The examples in this chapter are structured around the results of a qualitative study conducted for two months in the home environment during the lockdown that followed the COVID-19 pandemic. A descriptive analysis of video-recorded play situations between Magnus (five years and nine months) and Harald (four years and two months) was conducted using a multimodal approach. As a result, we present ideas that can be performed to enhance important skills for preschool children (problem-solving ability, nonverbal communication, linguistic ability, and self-confidence) by stimulating computational thinking with a playful programming-based toy. The robot used can be programmed by puzzling tiles together with arrows (for a more detailed description, see [10]).


2. Play and learning in preschool age

2.1 “The robot doesn’t understand anything!”: an example of how to help children understand and develop computational thinking

Harald plays with a programming-based robot with tactile elements. The toy is composed of a series of tactile blocks consisting of arrows that indicate directions. The robot moves on the path by reading the commands as it passes over these blocks. Harald builds a path (Figure 1). He then puts the robot at the starting point. The arrows are not connected well, and the robot stops. When Harald places the robot on the orange arrow instead of on the green arrow, the robot rotates, losing the direction of the path. Harald looks annoyed. Harald tries again, but the robot does the same. Harald sits in silence. He then builds a new path with just green arrows (forward direction).

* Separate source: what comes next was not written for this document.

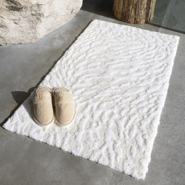 Abyss Habidecor's Flow Rug brings the wonders of nature home. The unique design resembles a natural occurrence either by water or wind sweeping across sand. This rug is so luxuriously soft and stylishly designed that it can also be used as a rug for any space. 55% Giza Egyptian Cotton Long Staple. 45% Acryl. 1900 g/m2. From Portugal.

Harald seems satisfied because the robot follows the path (Figure 2).

Figure 1.

Harald builds a path.

Figure 2.

Harald builds a new path with just green arrows.

In this example, the children develop thinking skills by playing with tactile arrows to build a path for the robot (programming/coding). Such thinking skills support learning and understanding and are often called computational thinking skills [11].

The definition comes from Wing ([12], p.1):

“… the thought processes involved in formulating problems and their solutions so that the solutions are represented in a form that can be effectively carried out by an information-processing agent”.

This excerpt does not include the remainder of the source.